Cairo, Egypt — “There is no conflict between Islam and science,” Zaghloul El-Naggar declares as we sit in the parlor of his villa in Maadi, an affluent suburb of Cairo. “Science is inquisition. It’s running after the unknown. Islam encourages seeking knowledge. It’s considered an act of worship.”
What people call the scientific method, he explains, is really the Islamic method: “All the wealth of knowledge in the world has actually emanated from Muslim civilization. The Prophet Muhammad said to seek knowledge from the cradle to the grave. The very first verse came down: ‘Read.’ You are required to try to know something about your creator through meditation, through analysis, experimentation, and observation.”
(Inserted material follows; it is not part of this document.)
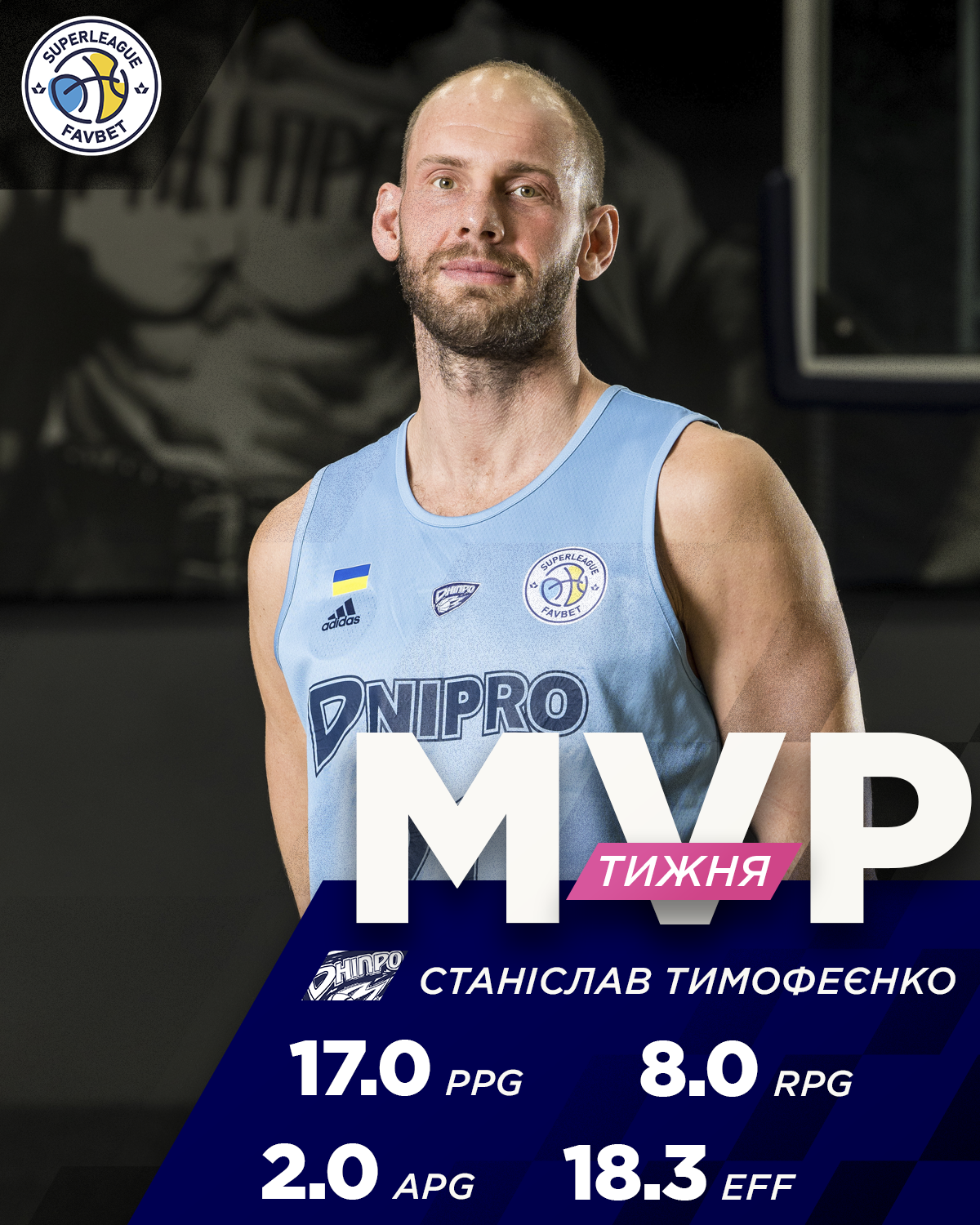 MVP ігрового тижня визнано капітана Дніпра Станіслава Тимофеєнка. Бігмен лідерів Суперліги допоміг своїй команді здобути чергові три перемоги: над Старим Луцьком (14 очок, 8 підбирань, 2 передачі), Київ-Баскетом (16 очок, 9 підбирань, 4 передачі) та Черкаськими Мавпами (21 очко, 7 підбирань). Варто видзначити і фантастичний вклад Максима Нікітіна, який після нагороди кращого гравця місяця виглядам одним із найкращих і в цьому баблі.

Author, newspaper columnist, and television personality El-Naggar is also a geologist whom many Egyptians, including a number of his fellow scientists, regard as a leading figure in their community. An expert in the somewhat exotic topic of biostratification — the layering of Earth’s crust caused by living organisms — El-Naggar is a member of the Geological Society of London and publishes papers that circulate internationally. But he is also an Islamic fundamentalist, a scientist who views the universe through the lens of the Koran.
Religion is a powerful force throughout the Arab world — but perhaps nowhere more so than here. The common explanation is that the Egyptian people, rich and poor alike, turned to God after everything else failed: the mess of the government’s socialist experiment in the 1960s; the downfall of Gamal Abdel Nasser’s Arab nationalism; the military debacle of the 1967 war with Israel; poverty; inept government — the list goes on.
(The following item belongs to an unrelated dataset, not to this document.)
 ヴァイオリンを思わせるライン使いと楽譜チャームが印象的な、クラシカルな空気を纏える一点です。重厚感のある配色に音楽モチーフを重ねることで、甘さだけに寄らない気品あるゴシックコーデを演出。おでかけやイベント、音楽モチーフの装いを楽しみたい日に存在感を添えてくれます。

I witness firsthand the overlapping strands of history as I navigate the chaos of Cairo, a city crammed with 20 million people, a quarter of Egypt’s population. In residential neighborhoods, beautiful old buildings crumble, and the people who live in them pile debris onto rooftops because there is no public service to take it away. Downtown, luxury hotels intermingle with casinos, minarets, and even a Pizza Hut. The American University in Cairo is a short distance from Tahrir Square, a wide traffic circle where bruised old vehicles brush pedestrians who make the perilous crossing. At all hours men smoke water pipes in city cafés; any woman in one of these qawas would almost certainly be a foreigner. Most Egyptian women wear a veil, and at the five designated times a day when the muezzins call, commanding the Muslims to pray, the men come, filling the city’s mosques.